Kahramanın, döteragonistin ve üçgene sahip olanın sınırları ve yapısı, Antik Yunan'ın eserleri kadar net veya spesifik değildir, çünkü modern eserlerde karakterlerin kemerleri çok daha geniş ve dalgalı olma eğilimindedir.
Edebiyatta deuteragonistler
Literatürde, bir döteragonistin bulduğumuz en kesin tanımı, kahramanın "ortağı" dır. Örneğin, Mark Twain'in The Adventures of Huckelberry Finn kitabında, ana karakter elbette Huck'tır ve sürekli yoldaşı Jim deuteragonisttir.
Bu kitapta yer alan Tom Sawyer'ın önemli figürü, tarihteki bazı önemli olayların gelişiminin arkasındaki itici güç olan üçgen kişiden başka bir şey değildir.
Edebiyattaki bir diğer ünlü döteragonist, Sir Arthur Conan Doyle'un eserleri serisinden, Sherlock Holmes'un maceraları ve araştırmalarındaki arkadaşı Dr. John Watson'dır.

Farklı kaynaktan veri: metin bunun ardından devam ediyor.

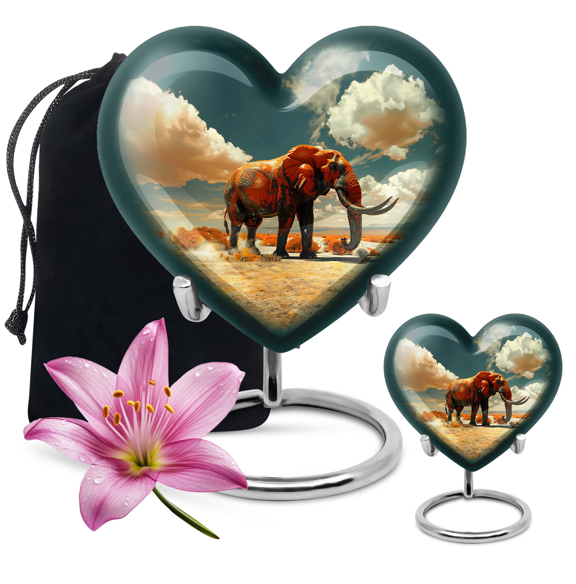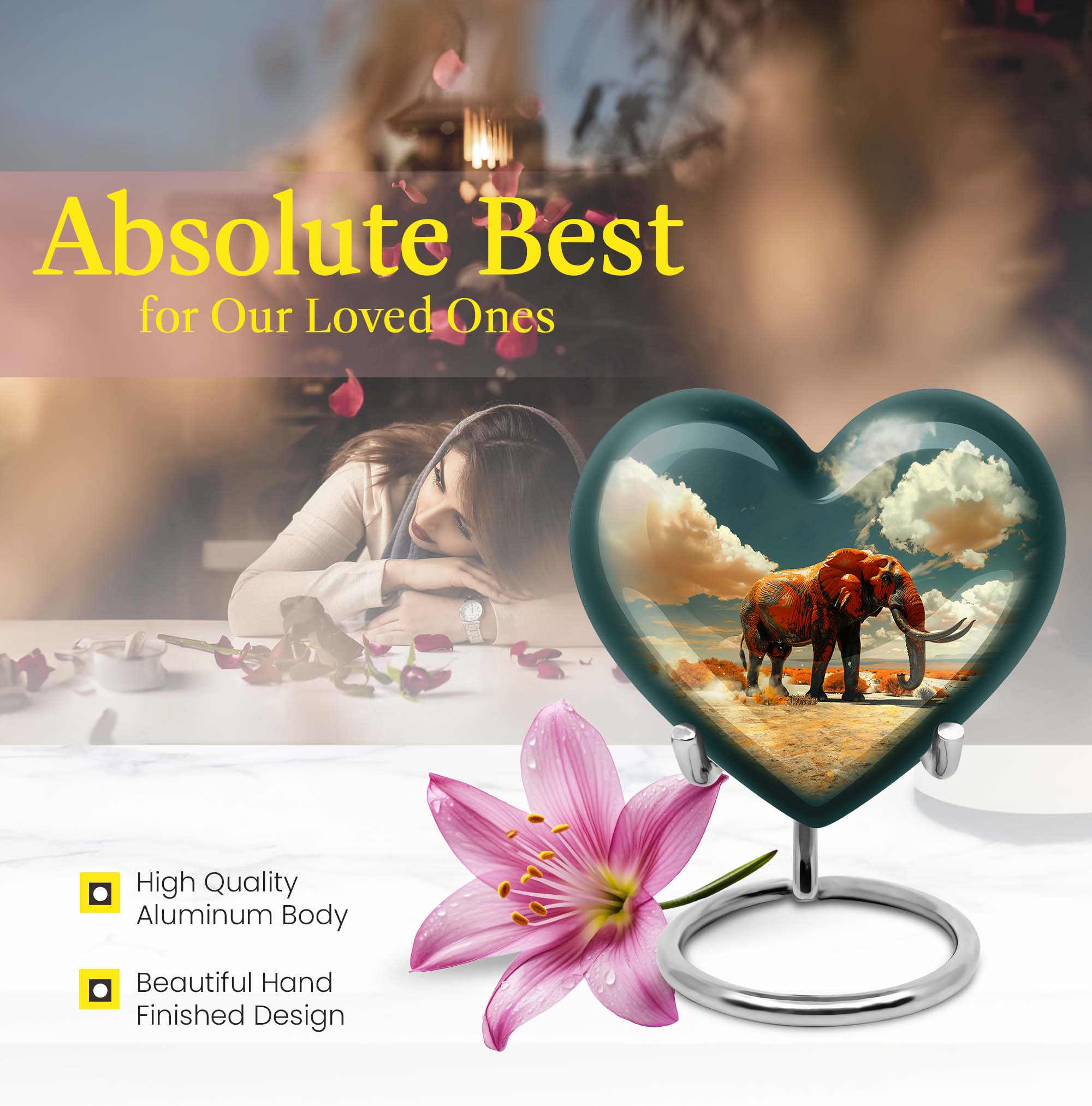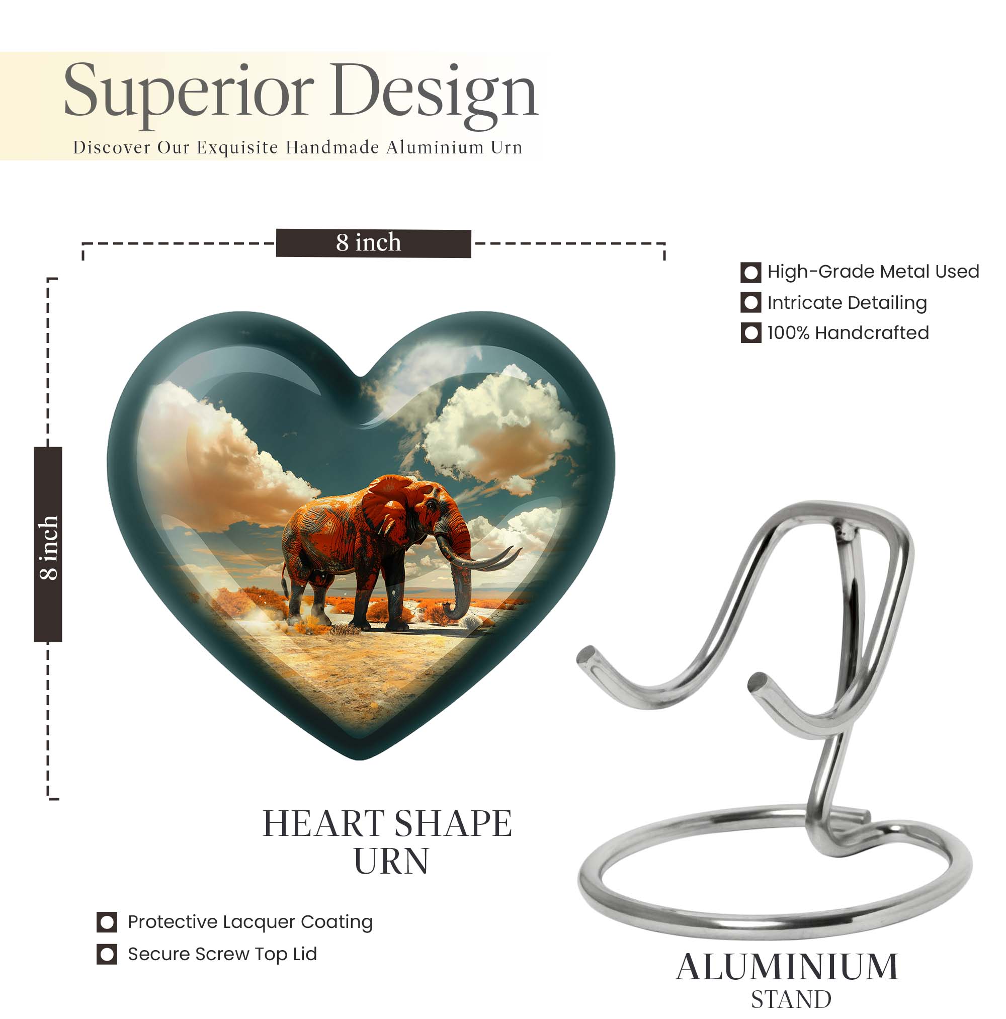 Housing memories in a timeless manner, this majestic 'Mammoth Urn' honours your departed loved one with reverence. With a sturdy make of high-grade aluminium, this 10-inch funeral urn symbolizes resilient love that transcends time. Its weight, a solid 3.3 pounds, assures its sturdiness and stability. Designed especially for adults, the urn accommodates 200 cubic inches of ashes, its thoughtfully included velvet pouch protecting them discreetly. Its captivating heart contour speaks volumes of your affection, where radiant flower motifs add a touch of aesthetic grace. The customization option lets you etch a cherished name, making the urn even more personal. This heart urn inhabits a world where memories last an eternity, swiftly becoming a memorial forever urn. Typical searches like 'human cremation urn' or 'urns metal' hardly capture its essence – it’s much more than a large urn for human ashes. It’s a reminder, a memorial, a tribute to a life lived with love.

Dr. Watson zeki, profesyonel ve sorumluluk sahibi bir adamken; vizyonu Sherlock'tan daha çarpıktır ve dedektifin bir durumdan tüm olasılıkları ve çıkarımları göstermesine izin verir ve sonuçta onu güçlendirir.
Referanslar
- Kahramanlar, antagonistler ve döteragonistler, aman tanrım! Englishemporium.wordpress.com'dan kurtarıldı.
- Antik Yunan edebiyatı tarihi, cilt 1. Karl Otfried Muller. Books.google.cl adresinden kurtarıldı.
- Üzerine yaz! Deuteragonist ve Tritagonist. Dailykos.com'dan kurtarıldı.